Inhabitat Covers Brooklyn's Uhru and Ecosystems Brand
by Brooklyn Modern | May 7th, 2009
Trey Farmer of Inhabitat reviews Ecosystems:
EcoSystems, will be unveiling its new line at next week’s BKLYN Designs showcase, but for you lucky readers we have an early offering: their new ‘snug-it!’ collection of affordable eco furniture, named after the brand’s innovative hardware connectors. One of our favorite pieces from the snug-it! collection is this desk, made from bamboo and FSC Appleply, both with natural oil finish.

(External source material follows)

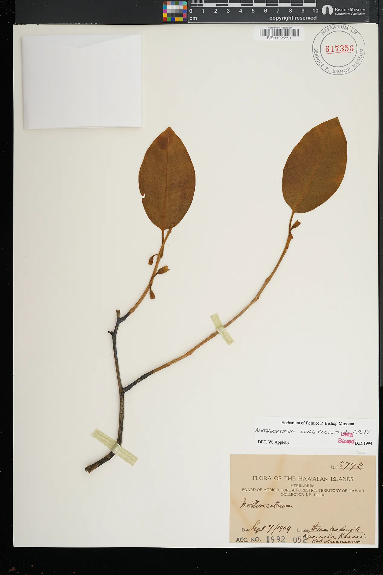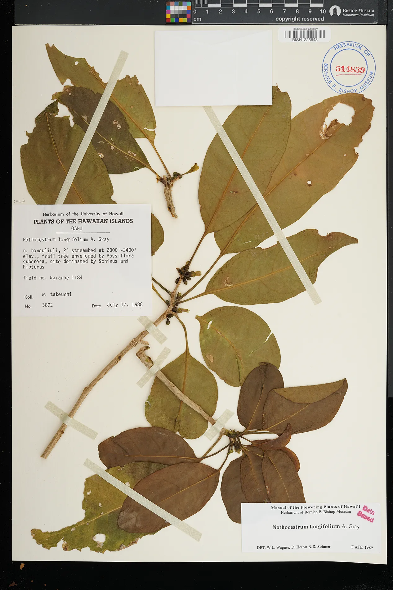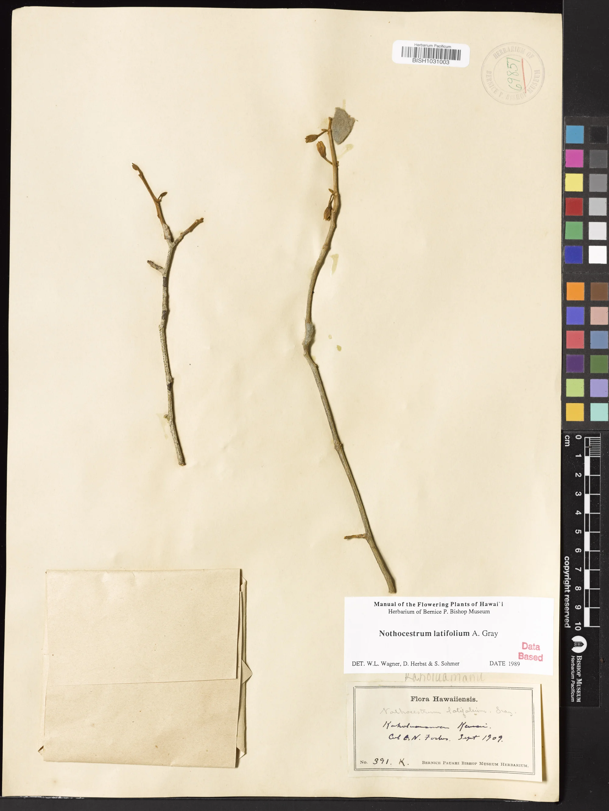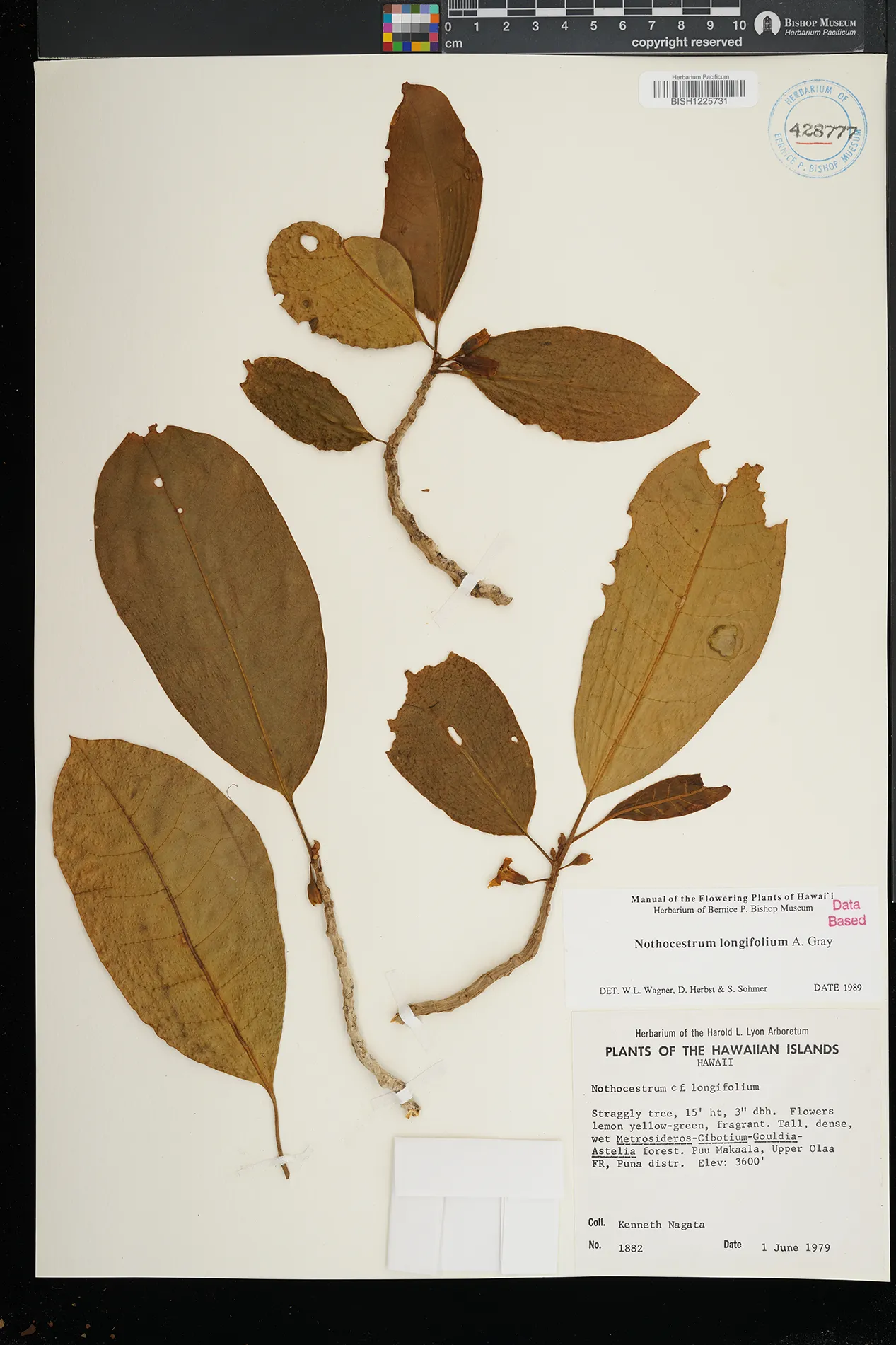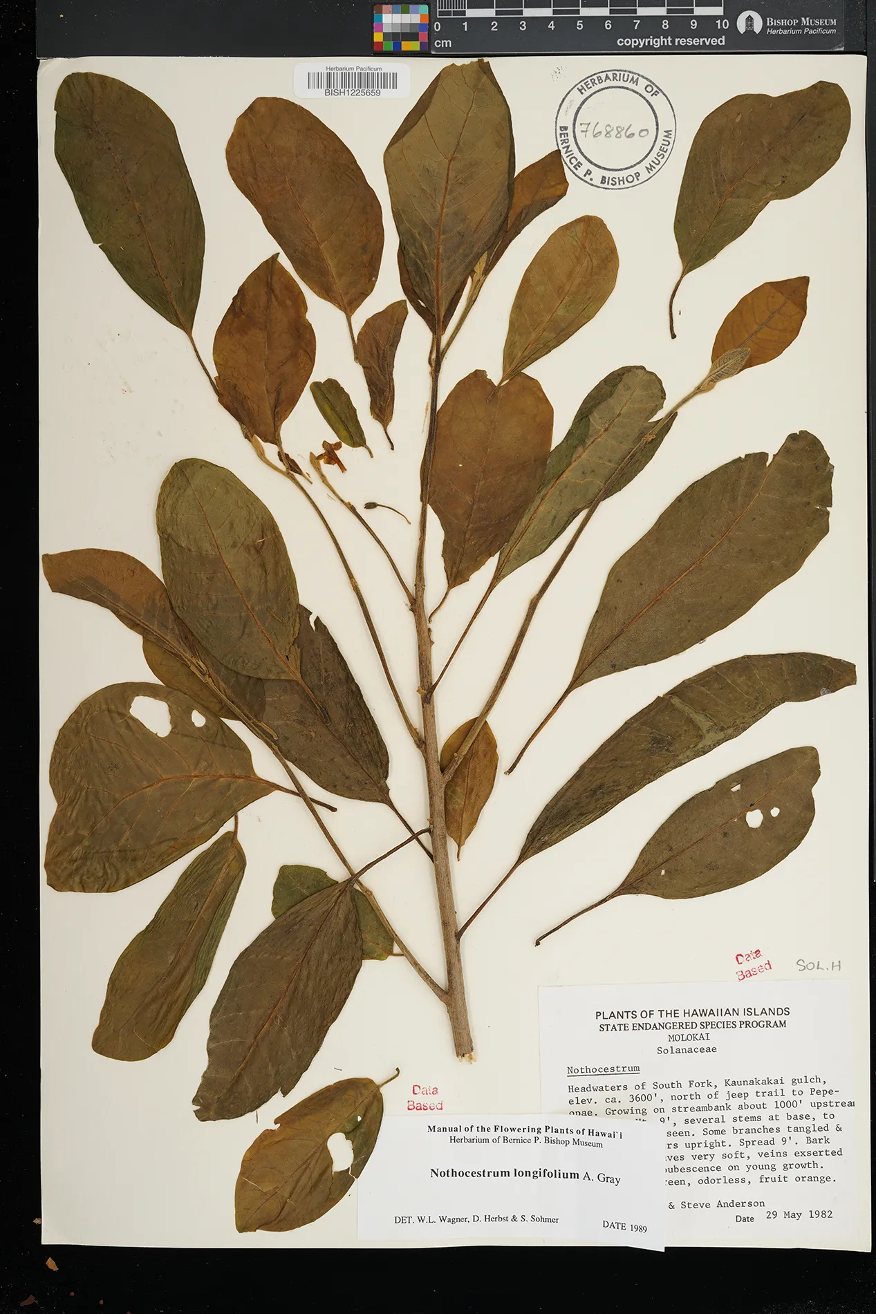 near Kumakalii, elev. approx 600 m, tree growing beside Nothocestrum 2834 |

EcoSystems wanted to create a hassle-free, tool-free, ready-made furniture experience that also ships flat, so they came up with the snug-it connector system. The elegantly simple joinery will work with any ¾” material, and the connectors are also available separately for DIY furniture.
Jessica Mischner of Inhabitat covers Uhru:

Lots of up-and-coming and established designers will present new collections at BKLYN Designs this weekend, and we don’t want to miss a single, solitary piece of work—which is why we love getting an advanced look at what’s to come! Bill Higendorf, co-founder of Brooklyn–based furniture company Uhuru Design, sent us a sneak peak of the three new locally and sustainably produced designs he and partner Jason Horvath are debuting at BKLYN Designs this week. While they’re every bit as functional as Uhuru’s previous products, the limited edition Stitched Table, Standard Chair and Metal Stoolen have a little added oomph that sets them apart.

Built around a flitch-cut slab of responsibly harvested claro walnut, the Stitched Table is nearly split in two by a naturally occurring fissure. The wood comes from trees that are at the end of their lifespan, or that have been felled by storms or culled because of disease. The four seafoam stitches are cut from sheets of material made from shredded and pressure-molded flakes of recycled detergent bottles. The rolled steel base, which contains between 30 and 100 percent post-consumer recycled content, is finished with a VOC-free polyester powder coating.
Uhuru’s second new offering, the Standard Chair is a composition of expanded aluminum, reclaimed chair backs and steel plate. The hand-carved chair backs are new and unfinished, recovered from a local manufacturing company that recently went out of business. Uhuru’s designers happened upon the chairs at Build it Green, a non-profit architectural salvage warehouse in Astoria, Queens. In addition to the ornate Louis XVI backs, each chair features a seat and front legs crafted from plate steel that was plasma-cut and bent at a local Brooklyn shop. (The back two legs are part of the original frame.) In lieu of overstuffed upholstery (likely the original manufacturer’s plan), each oval chair back contains a web of aluminum mesh. The result is a funky-yet-elegant mix of antique and contemporary designs.

In the tradition of Uhuru’s signature Stoolen, which is made from locally collected scrap wood, the new, updated version was born from scrap material in Uhuru’s metal shop. The designers were improvising in the shop one day and discovered they could arrange the too-short lengths of steel leftover from the company’s furniture production into haphazard, dynamic groupings to create a functional object.